The Kids Who Need The Most Love Ask For It In The Most Unloving Ways.

#toddlerstruggles connection lens shift Jul 29, 2022

I can see how it appears that way to you.

As they say, "The kids who need the most love, ask for it in the hardest ways..."

I invite you to reflect on the following...

Wherever kids go, people judge them based on their behavior in the few minutes they observe them. We hear all kinds of comments.

“Wow he’s quite the angry young man!”

(Uff Kitnay ghussay Wala bacha hai!)

“She’s so ‘fiesty’.”

(“Haye kitni taiz bachi hai!”)

“He’s not a good listener.”

(“Bilkul baat nahi manta badtameez!”)

“She’s very stubborn.”

(“Bohat dheet hai ye!”)

Even babies aren’t spared from this judgement.

“He’s a very cranky baby!”

(“Kitna ziddi bacha hai!”)

"He's not very friendly.. he won't let me hold him."

("Friendly bilkul nahi hai na? Meray paas ata he nahi.")
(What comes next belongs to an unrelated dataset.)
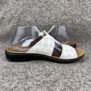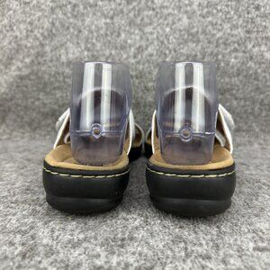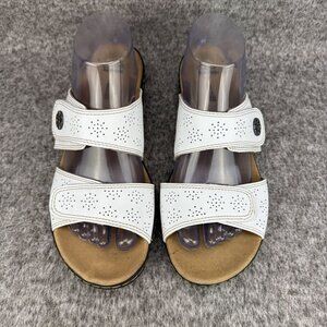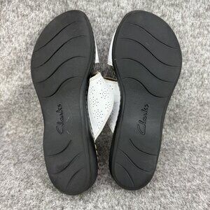 ✅Womens 9M Clarks White Leather Sandals Adjustable Straps Cushion Casual Comfort

The purpose here, as always, is not to turn up our nose at people and judge them. Most of us were once those people too probably... the point is to take note of something that's considered "normal" to do and realize that it doesn't make any sense to do it:)

And we see these behaviors from children because they’re so real all the time. They have no masks. They are who they are wherever they are. They wear their emotions on their sleeves and haven’t learnt emotional regulation yet.

We, on the other hand, have a 100 different faces, depending on who we’re with. Do you think that there are people you’ve known for years and they wouldn’t recognize you if they saw you in another, more real, moment? Would you be comfortable expressing strong emotions, for example, in front of your boss? Your neighbor? The salesmen at the store?

Well, kids ARE comfortable. They’re so comfortable in their skin. It hasn’t occurred to them yet that they should filter themselves, and their brain is not capable of comprehending this nuance. That’s THEIR normal. Just like it’s OUR normal to regulate ourselves in public.

Why do we make children and their parents feel judged for something that’s normal and developmentally appropriate?

I hope next time we see a child “acting out” in public, we’ll remember to give them grace. And understand that they’re just having a hard time. Just like we do, sometimes. We have the luxury of having our weak moments in the privacy of our safe spaces, they don’t. That’s the only difference. Otherwise, we, fully grown adults, can be JUST as ‘angry’, ‘feisty’, ‘cranky’ and ‘stubborn’! But that doesn’t define us, and it shouldn’t define our children.